# Dell Inspiron 600M Hard Drive



## wwfmankind (Aug 21, 2007)

The hard drive in our Inspiron 600M Laptop died... Dell told me that only this one certain drive was compatible with that system at a cost of *$240 for 60GB*. My question is, wouldn't any hard drive work in that machine as long as it matched the physical dimensions and had the correct interface which is ATA/100 (ATA-6)???

Thanks!!!


----------



## idowindows (Oct 11, 2006)

Unless Dell was producing/inserting some kind of revolutionary hard drives in 2005, and I doubt they were, your laptop uses an Ultra ATA hard drive - run with it.
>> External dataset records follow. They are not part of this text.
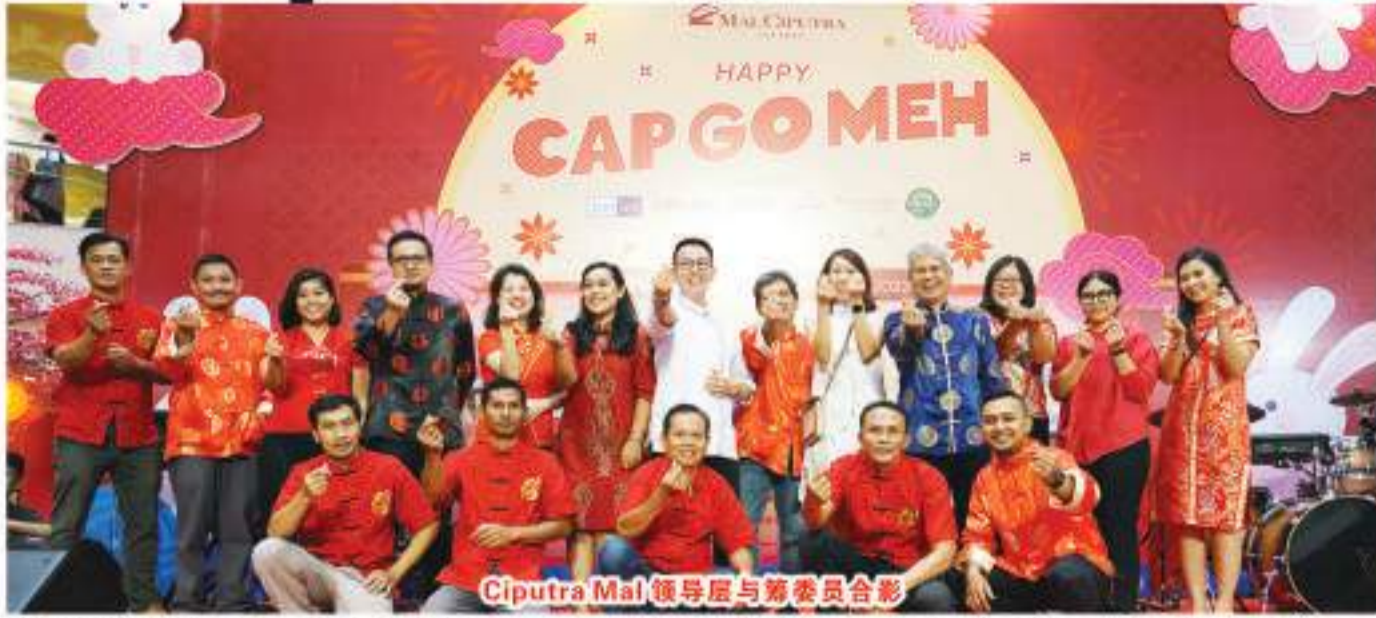
Ciputra Mal 领导层与筹委员会合影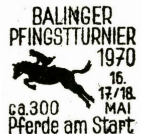
Balingen Pfingstturnier 1970 16.17.18. Mai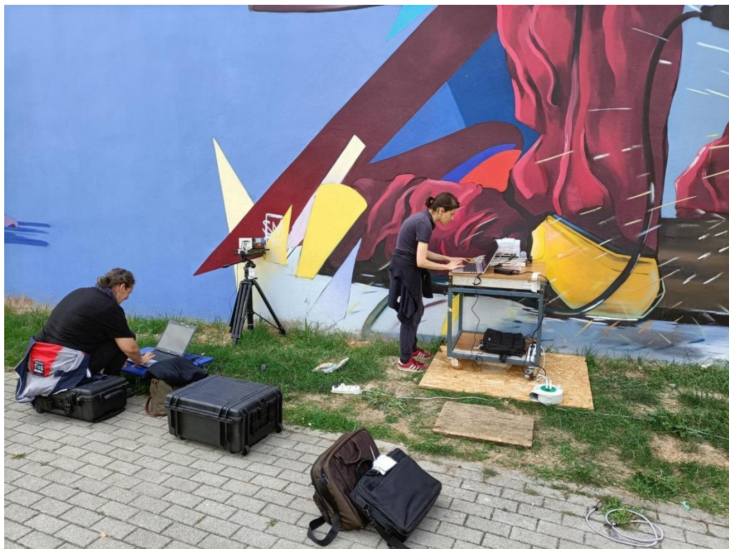
Figura 7 - Particolare del murale urbano: "Necesse" realizzato da SMOE Studio a Milano. Valutazioni dei materiali costitutivi tramite strumentazioni portatili.

If in doubt, remove the bad one and look - what harm can THAT do, right?


----------



## DellCA (Jul 3, 2006)

wwfmankind said:


> The hard drive in our Inspiron 600M Laptop died... Dell told me that only this one certain drive was compatible with that system at a cost of *$240 for 60GB*. My question is, wouldn't any hard drive work in that machine as long as it matched the physical dimensions and had the correct interface which is ATA/100 (ATA-6)???
> 
> Thanks!!!


Hi,

My name is Todd and I'm with Dell's online outreach program. Sorry for whoever you spoke with but any notebook hard drive should fit in that system. They may have been discussing the fact that the drives have to sit into a plastic carrier to fit into the system but those drives are only held in the carrier by screws.

There are a few different places that you can purchase replacement hard drives from. You can also check out the technical specs of all Dell models on our support site, http://support.Dell.com. You can check to see what type of connection the hard drives have and use that information to locate a compatible drive.

Sorry for the confusion and if you have any other questions please let me know. I'll stop back to see if there is anything else I can do to help you.

Thank you,

Todd
Customer Advocate
Dell, Inc.


----------